SOURCE MATERIAL:
+---+

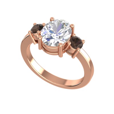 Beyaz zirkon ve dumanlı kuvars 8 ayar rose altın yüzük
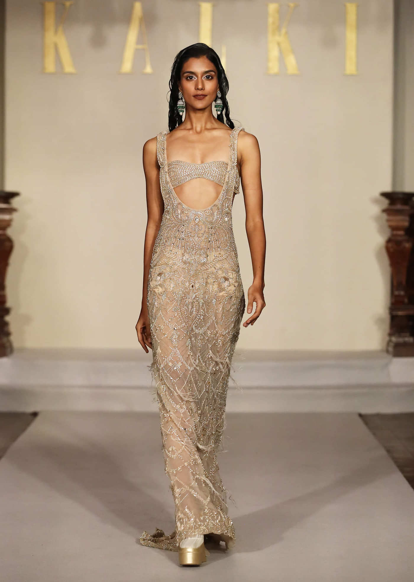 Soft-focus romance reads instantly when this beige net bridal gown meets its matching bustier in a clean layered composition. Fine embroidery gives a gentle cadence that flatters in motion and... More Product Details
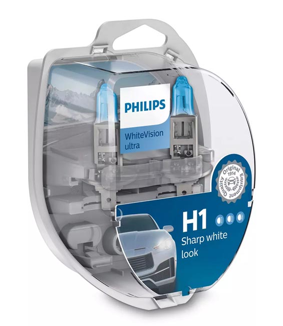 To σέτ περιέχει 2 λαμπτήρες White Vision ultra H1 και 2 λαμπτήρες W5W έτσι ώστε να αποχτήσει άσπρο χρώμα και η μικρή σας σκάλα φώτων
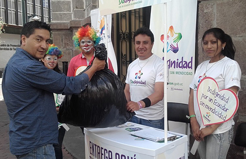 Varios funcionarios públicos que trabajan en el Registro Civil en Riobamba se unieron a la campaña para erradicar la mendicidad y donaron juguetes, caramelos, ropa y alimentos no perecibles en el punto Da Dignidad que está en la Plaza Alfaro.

+---+

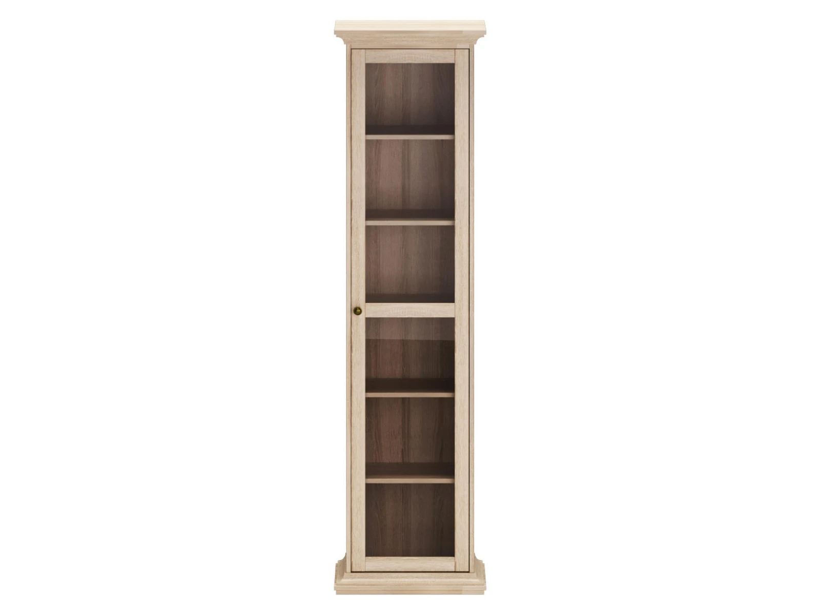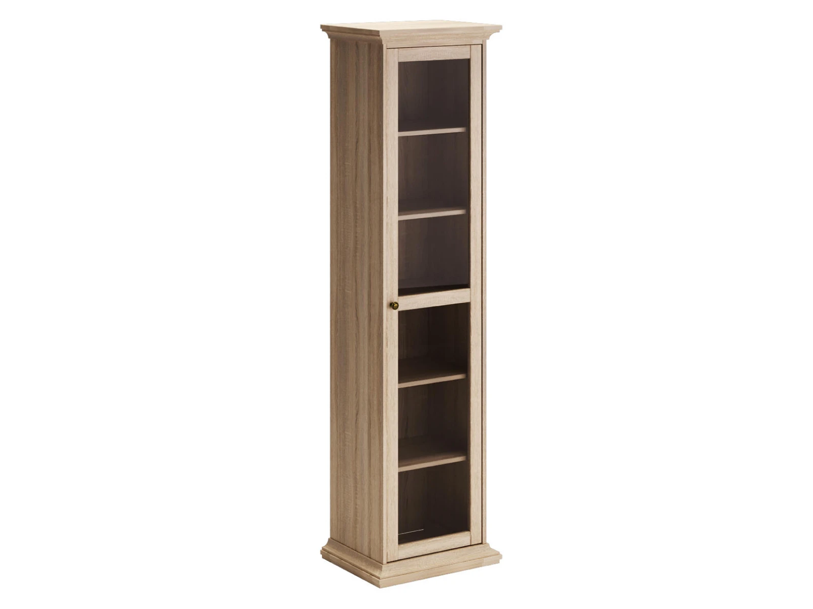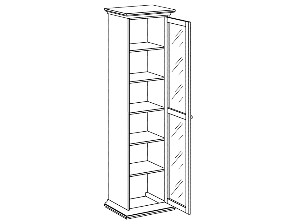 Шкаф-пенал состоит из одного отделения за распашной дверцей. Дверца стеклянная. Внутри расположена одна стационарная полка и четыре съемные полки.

+---+

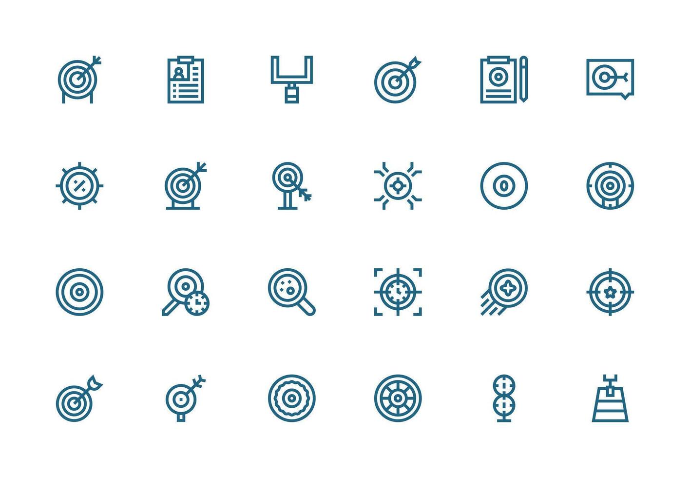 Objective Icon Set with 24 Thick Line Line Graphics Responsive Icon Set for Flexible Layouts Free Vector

+---+

Extract from the material above the stretch running from the line containing "To σέτ περιέχει" through the line containing "Varios funcionarios públicos". Keep the text exact and the pictures out.

EXERCISE OUTPUT:
 To σέτ περιέχει 2 λαμπτήρες White Vision ultra H1 και 2 λαμπτήρες W5W έτσι ώστε να αποχτήσει άσπρο χρώμα και η μικρή σας σκάλα φώτων
 Varios funcionarios públicos que trabajan en el Registro Civil en Riobamba se unieron a la campaña para erradicar la mendicidad y donaron juguetes, caramelos, ropa y alimentos no perecibles en el punto Da Dignidad que está en la Plaza Alfaro.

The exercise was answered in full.